DATASET SECTION:
• • • • •

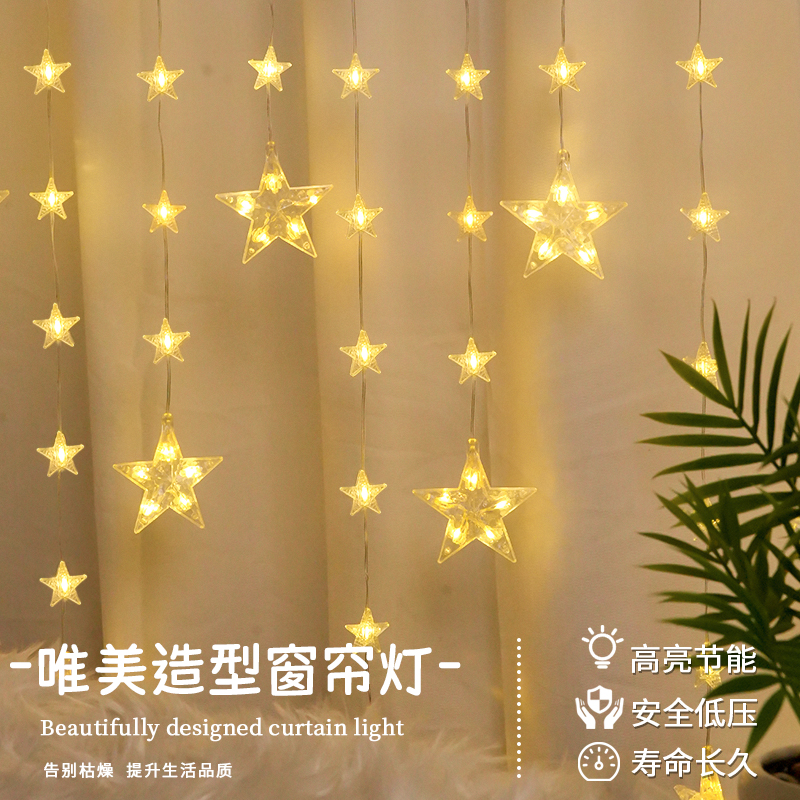 星星月亮串灯新年装饰品2025春节灯饰氛围灯过年窗户氛围场景布置
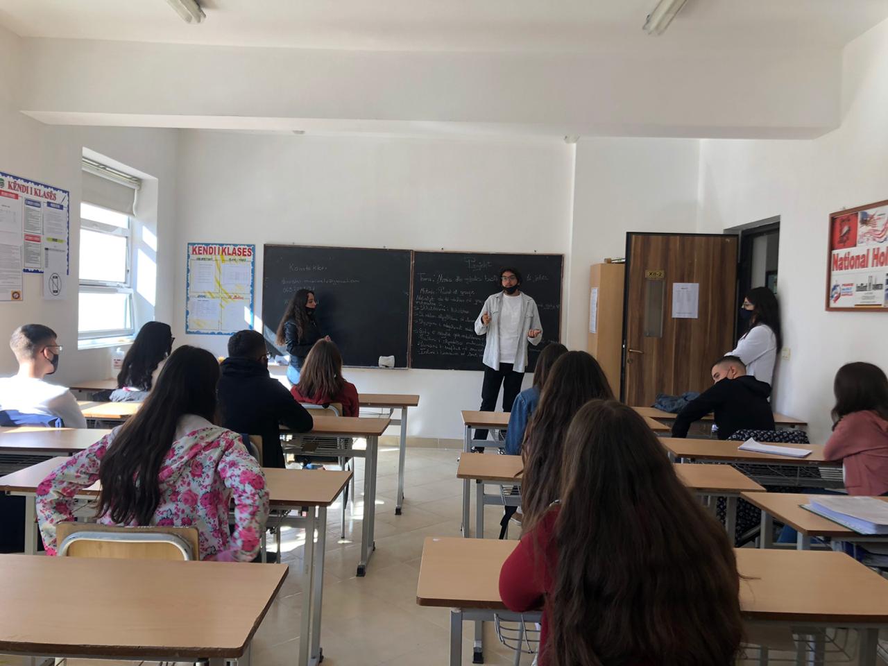 Following the survey and Summer Camp Activity, the Informative sessions on EU integration process and role of youth are organized in four regions of Albania (promotional materials, leaflets, banners, pins, designed and delivered). The information sessions are held at high schools, providing information through visual presentation, informative leaflets and posters and other visibility items. Participants of EU4AL summer camp shared their experience with their youth peers in Ballsh, Fier, Kruje by promoting EU values such as volunteering, participation and engagement. This activity is published in e media and social media. Please follow the Links to learn more about this activity and read publications:
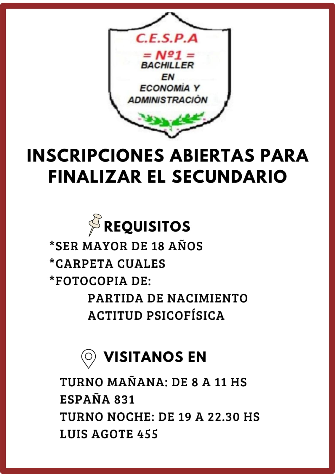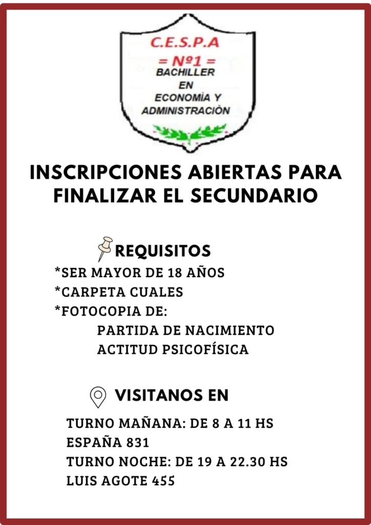 “Los interesados en cursar este bachiller pueden dirigirse por la mañana a calle España 831 de 7,45 a 11,30 horas, por la tarde noche en calle Luis Agote 455 en el horario de 19 a 22,30”, reiteró.

• • • • •

WHAT IS EXPECTED:
Everything in the data above should be set down again exactly, except the pictures.

YOUR RESPONSE:
 星星月亮串灯新年装饰品2025春节灯饰氛围灯过年窗户氛围场景布置
 Following the survey and Summer Camp Activity, the Informative sessions on EU integration process and role of youth are organized in four regions of Albania (promotional materials, leaflets, banners, pins, designed and delivered). The information sessions are held at high schools, providing information through visual presentation, informative leaflets and posters and other visibility items. Participants of EU4AL summer camp shared their experience with their youth peers in Ballsh, Fier, Kruje by promoting EU values such as volunteering, participation and engagement. This activity is published in e media and social media. Please follow the Links to learn more about this activity and read publications:
 “Los interesados en cursar este bachiller pueden dirigirse por la mañana a calle España 831 de 7,45 a 11,30 horas, por la tarde noche en calle Luis Agote 455 en el horario de 19 a 22,30”, reiteró.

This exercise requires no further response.